Out in the body of the restaurant the clientele sat in silence. Some turned to enjoy their meal. Others nodded to each other, acknowledging the oddity of the evening. The crushed waiter was gasping at two of his colleagues who flitted around him, too scared to act. Then that temporary peace was broken again as the junior cook came running through the kitchen door, blood pouring from his face and the dark planetary mass of Von Subertan looming behind him: "Murder! Murder! He killed Monsieur Boutaine! Murder!" The young man howled.
Men stood up and women gasped, clutching their bags and bosoms. Von Subertan strode out into the room his bovine head swaying about to challenge all comers.
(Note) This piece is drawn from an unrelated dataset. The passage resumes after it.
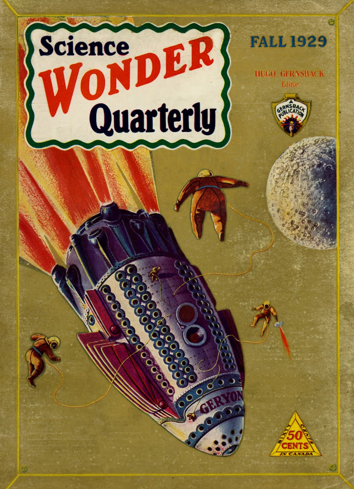 Cover of the Fall 1929 issue of Science Wonder Quarterly. Original copyright holder would have been either the artist, Frank R. Paul, or the publisher, Continental Publications.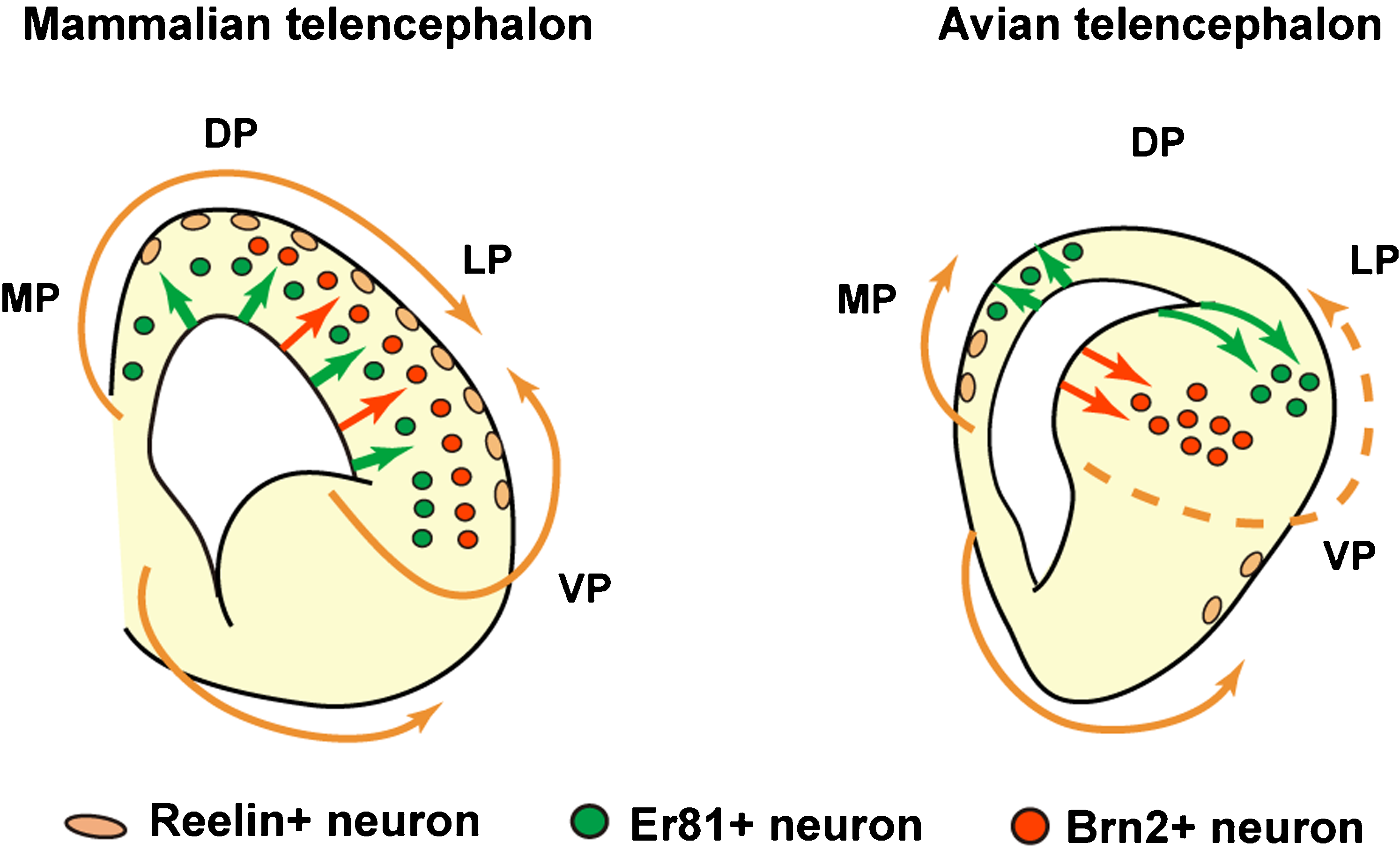 Schematic illustration of differences in neuronal specification and migration patterns between the mammalian and avian pallium. In the developing mammalian telencephalon, Reelin-positive neurons are derived from several origins including ventral pallium, and Er81 and Brn2-positive neurons are isotopically generated from entire pallial regions in a temporal manner. In contrast, in the developing avian telencephalon, Reelin-positive neurons are not derived from the ventral pallium, and Er81 and Brn2-positive neurons are generated from distinct pallial regions in a spatially regulated manner.

"You Sir, you are a Philistine, a booby, a murderous barbarian!" A bespectacled minister pointed his spiky hand accusingly. Others rumbled in agreement. The atmosphere was becoming discordant. Von Subertan snarled at them and swung his murderous hands in anger.
"Come now Moridial, I have snapped the neck of that cuisine-worm," Otto informed his companion in his throaty bark. "We are leaving."
"Yes, very well." Hugh Moridial remained English. He would have none of the panic; he would see to it that he and his ferocious counterpart would exit this establishment with a little more decorum than they had demonstrated during the meal. He stood, leaving the correct change for what they had eaten, then followed his beastly friend to the restaurant front door. He just hoped no one else would cross Von Subertan. That was the third unnecessary tantrum this week. But then, the soup /had/ been served cold.